- Education: Ben Gurion University, Stanford
- Awards: IEEE fellow, the Luck-Hille chair in electrical engineering
- Scientific career
- Fields: Electrical Engineering
- Workplaces: Ben Gurion University
- Thesis: (2008)
- Doctoral advisor: Tsachy Weissman and Thomas Cover

= Haim Permuter =

Israeli electrical engineering scientist

Haim Henry Permuter  (Hebrew: חיים הנרי פרמוטר; born 1975) is an Israeli electrical engineering scientist. He is a professor in the School of Electrical and Computer Engineering at Ben-Gurion University of the Negev (BGU), where he holds the Luck-Hille chair in electrical engineering.

Permuter's research investigates the limits of data transfer in communication systems using information theory, machine learning and optimization.

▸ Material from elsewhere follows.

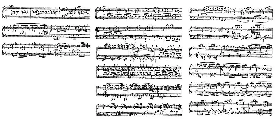 "Brahms lleva su tema derivado a relaciones contrapuntísticas que involucran disminución, aumento, stretto, construyendo hasta la peroración final a través de un largo pedal dominante con dos ideas distintas. Pero el pianismo es un parte de la concepción, y en este, el ejemplo más complejo del estilo virtuoso de Brahms, los espacios característicos en terceras, sextas y amplios intervalos entre las manos se emplean como nunca antes. De hecho esto sirve para crear los grandes contrastes dentro la fuga, que trasciende de un movimiento fuga tradicional para crear un conjunto adicional de variaciones, en las que muchas de las texturas anteriores se recuerdan en el contexto del tema fugado igualmente transformado." [5]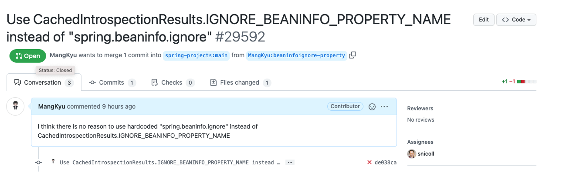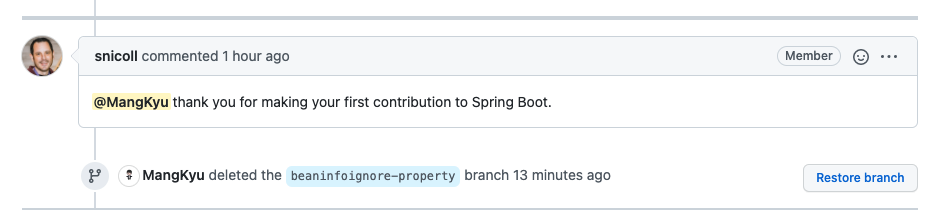 현재 SpringBoot의 동작 과정을 분석하는 포스팅을 작성하고 있습니다. 해당 소스코드를 분석하다보니 매우 작지만 컨트리뷰트를 할만한 코드를 찾게 되었습니다. 그래서 이번에는 어떻게 하면 오픈 소스에 컨트리뷰트 할 수 있는지 알아보고, 실제로 컨트리뷰트를 해보고자 합니다.

He is an IEEE fellow.

== Early life and education ==
Haim Permuter was born in Romania and immigrated to Israel with his family in 1982.

Permuter received B.Sc (summa cum laude) and M.Sc degrees in electrical engineering from Ben‑Gurion University. He earned his Ph.D degree from Stanford University in 2008 under the supervision of Prof. Tsachy Weissman and Prof. Thomas Cover.

== Academic career ==
Permuter joined the Electrical Engineering department at Ben-Gurion University in 2008 as a tenure-track department member. He became an associate professor in 2013 and a full professor in 2017.

From 2012, Permuter has served as the head of the communication, cyber and information track in the department.

Permuter was also an associate editor of IEEE Transactions on Information Theory (2013-2016 and 2022-2025).

Permuter has supervised several graduate students who subsequently pursued academic careers, including Ziv Goldfeld, an associate professor at Cornell University; Oron Sabag, a senior lecturer at the Hebrew University of Jerusalem; Ziv Aharoni, a postdoctoral associate at Duke University and Ohad Elishco, an assistant professor at Ben-Gurion University of the Negev.

Permuter authored over 200 scientific publications in journals and conferences.

== Research ==
Permuter’s theoretical work focuses on characterizing the fundamental limits of communication, particularly for channels with memory, feedback, cooperation, and secrecy, while developing tools to model complex real-world systems.

In recent years, he has applied machine learning to estimate information-theoretic quantities and solve problems in channel capacity.

== Selected articles ==

- R. Hirsch, Z. Aharoni, H. D. Pfister, H. H. Permuter (2026). "Neural Polar Decoders for Receivers in Wireless Communication". IEEE Transactions on Communications 74, 6889-6903
- Z. Aharoni, B. Huleihel, H. D. Pfister, H. H. Permuter (2024). "Data-driven neural polar decoders for unknown channels with and without memory". IEEE Transactions on Information Theory 70 (12), 8495-8510
- D. Tsur, Z. Aharoni, Z. Goldfeld, H. H. Permuter (2023). "Neural estimation and optimization of directed information over continuous spaces". IEEE Transactions on Information Theory 69 (8), 4777-4798
- P. W. Cuff, H. H. Permuter, T.M. Cover (2010). "Coordination capacity". IEEE Transactions on Information Theory 56 (9), 4181-4206
- H. H. Permuter, P. Cuff, B. Van Roy, T. Weissman (2008). "Capacity of the trapdoor channel with feedback". IEEE Transactions on Information Theory 54 (7), 3150-3165
- H. H. Permuter, Y. H. Kim, T. Weissman (2011). "Interpretations of directed information in portfolio theory, data compression, and hypothesis testing". IEEE Transactions on Information Theory 57 (6), 3248-3259
- H. H. Permuter, J. Francos, I. Jermyn (2006 ). "A study of Gaussian mixture models of color and texture features for image classification and segmentation". Pattern recognition 39 (4), 695-706

== Honors and awards ==
Permuter received several awards, including a Fulbright Fellowship, a U.S.-Israel Binational Science Foundation Bergmann Memorial Award and a European Research Council (ERC) grant.

In 2018 he became the incumbent of the Luck-Hille Chair in Electrical Engineering in BGU. In 2026 he was elevated to an IEEE fellow “for contributions to understanding the capacity of channels with feedback and multi-user information theory”.